==== Input records ====

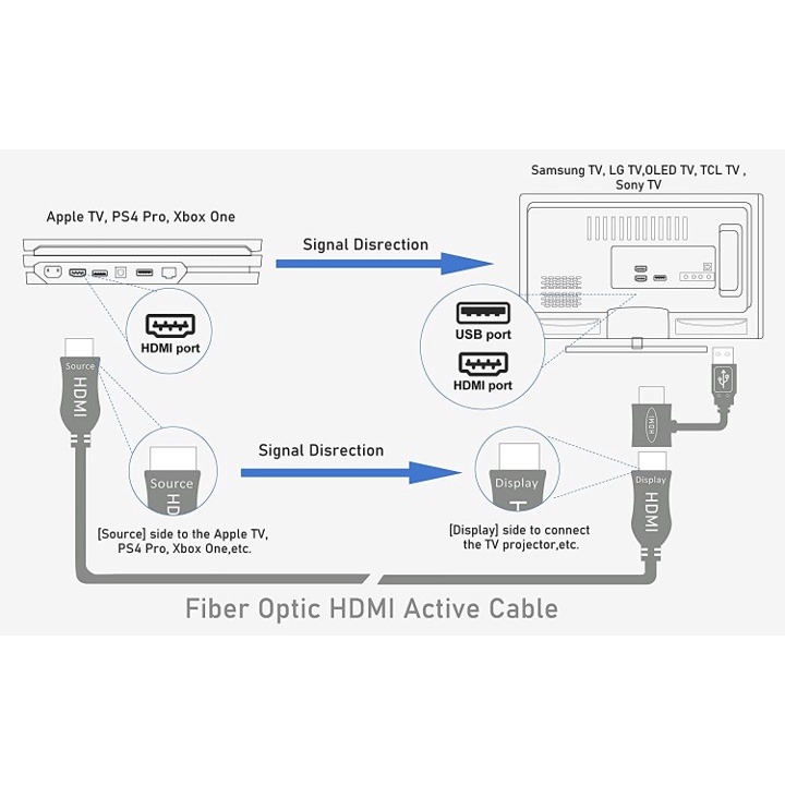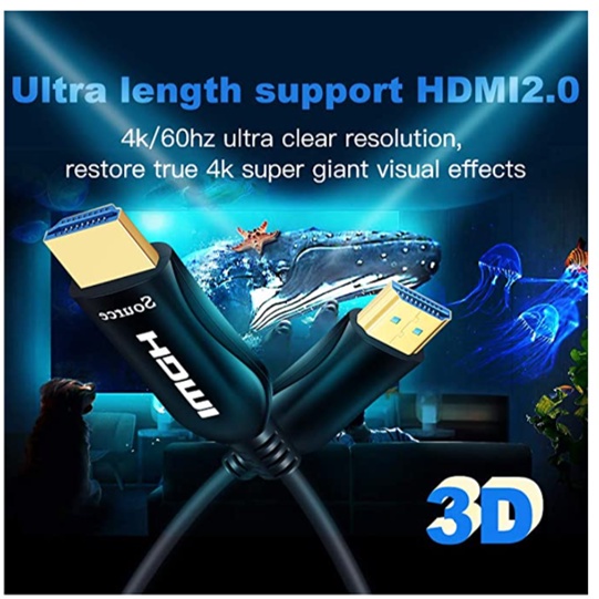 Fiber Optic Cable For HDMI Port 4K/8K Premium Light Speed 18/48Gbps Compatible With HDMI Cable V2.0 HDCP 2.2 (30m-50m)
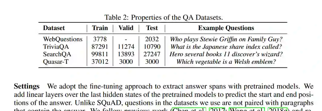 摘要: 预训练语言模型的最新突破表明了自监督学习在广泛的自然语言处理任务中的有效性。除了标准的句法和语义NLP任务外,预训练模型在涉及真实世界知识的任务上也取得了很强的改进,这表明大规模语言建模可能是一种隐含的知识获取方法。在这项工作中,我们进一步研究了BERT等预训练模型使用零镜头事实完成任务捕获知识的程度,此外,我们还提出了一个简单而有效的弱监督预训练目标,该目标明确地迫使模型包含关于真实世界实体的知识。用我们的新目标训练的模型在事实完成任务上有显著的改进。当应用于下游任务时,我们的模型在四个实体相关的问答数据集(即WebQuestions、TriviaQA、SearchQA和Quasar-T)上的平均F1改进为2.7,标准细粒度实体类型数据集(即FIGER)的平均精度提高为5.7。
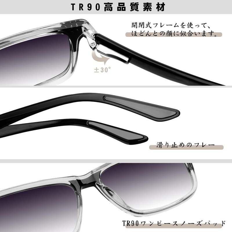 Rimerakea Men's Sunglasses, Black, Polarized TR90, UV Protection, Openable Frame, Unisex, Popular, For Driving, [C] Gradient Gray
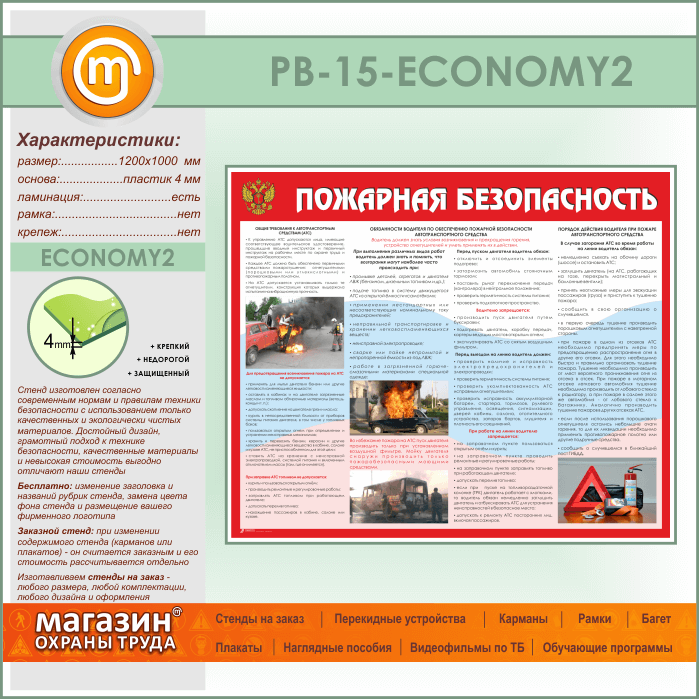 Стенд «Пожарная безопасность на автотранспорте» (PB-15-ECONOMY2) в Омске купить
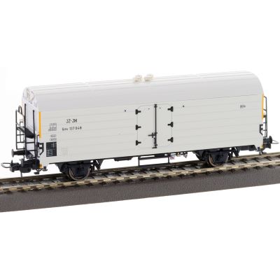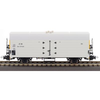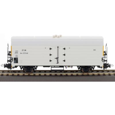 The Gmv refrigerator car is of the JZ design and is from Era III. It is 136 mm long and has a coupler pocket and close coupler kinematics.
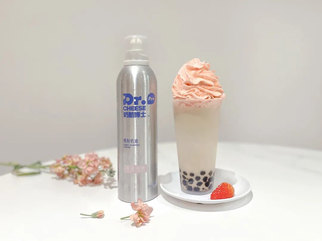 奶酪博士的草莓风味奶油顶,直接定制好颜色和风味,到门店打开就可以用,颜值和操作都能满足。
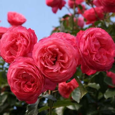 Кустарник имеет мощные стебли, которые покрывают листики насыщенного зеленого цвета. Высокая роза величественно смотрится, хотя цветки не назовешь крупными. Зато они плотные и яркие, не теряются на фоне буйно растущей зелени.
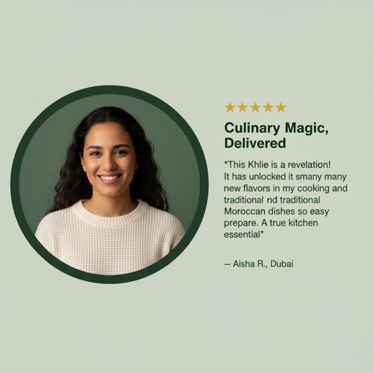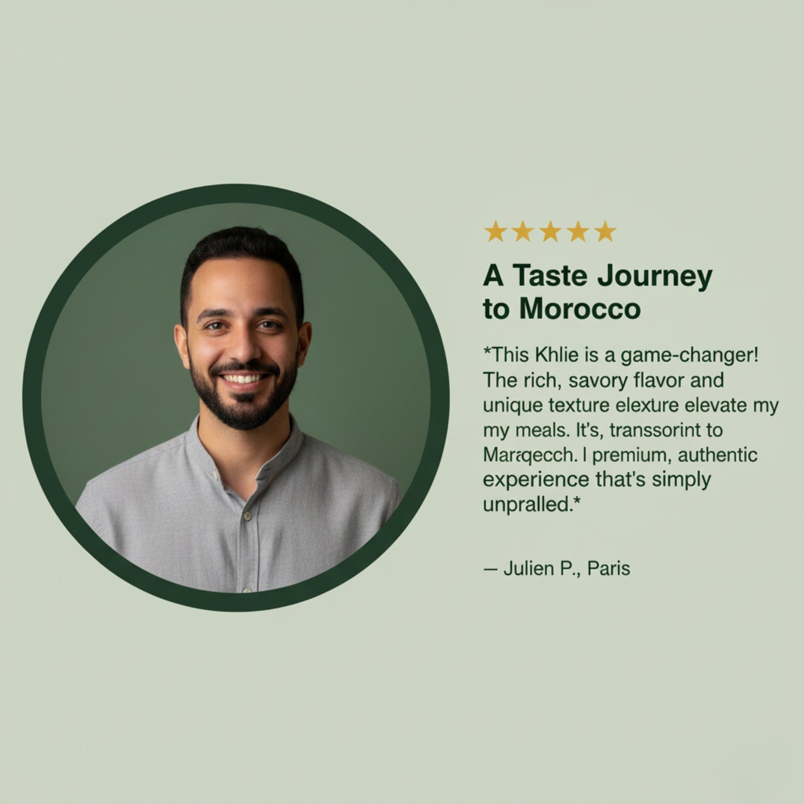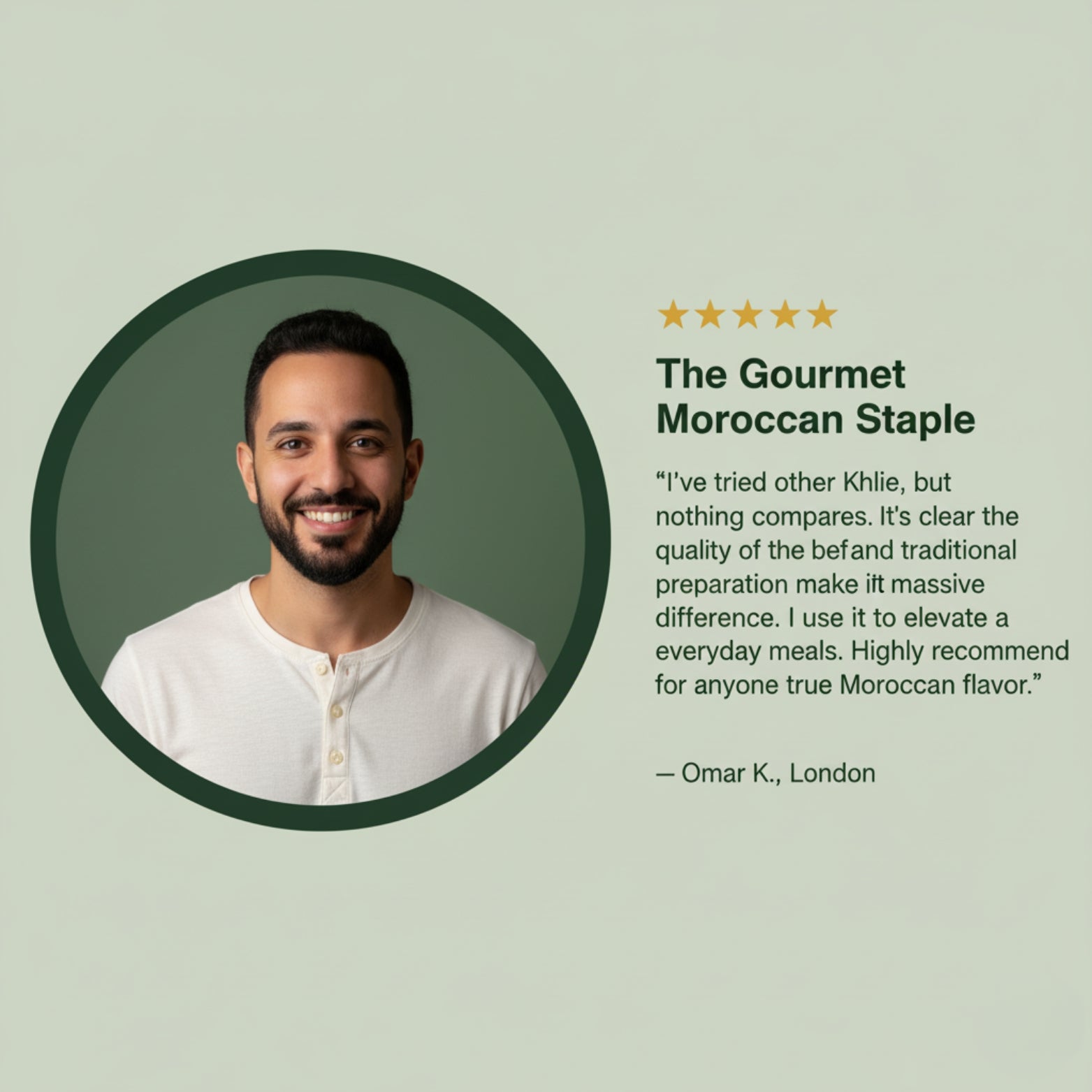 We designed this recipe specifically to ensure the authenticity of the flavor is preserved. The deep, complex taste comes primarily from the hours of slow-cooking and the carefully balanced blend of traditional Moroccan spices. The olive oil acts as the preserving agent and a gentle carrier of flavor, allowing the rich taste of the Khlie to remain front and center. Our customers agree it delivers the true, uncompromised taste of lkhli3.

====

_Prompt_
What is needed is a verbatim copy of the lines running from the one with "奶酪博士的草莓风味奶油顶,直" through the last line of the listing above, excluding any pictures.

_Written reply_
 奶酪博士的草莓风味奶油顶,直接定制好颜色和风味,到门店打开就可以用,颜值和操作都能满足。
 Кустарник имеет мощные стебли, которые покрывают листики насыщенного зеленого цвета. Высокая роза величественно смотрится, хотя цветки не назовешь крупными. Зато они плотные и яркие, не теряются на фоне буйно растущей зелени.
 We designed this recipe specifically to ensure the authenticity of the flavor is preserved. The deep, complex taste comes primarily from the hours of slow-cooking and the carefully balanced blend of traditional Moroccan spices. The olive oil acts as the preserving agent and a gentle carrier of flavor, allowing the rich taste of the Khlie to remain front and center. Our customers agree it delivers the true, uncompromised taste of lkhli3.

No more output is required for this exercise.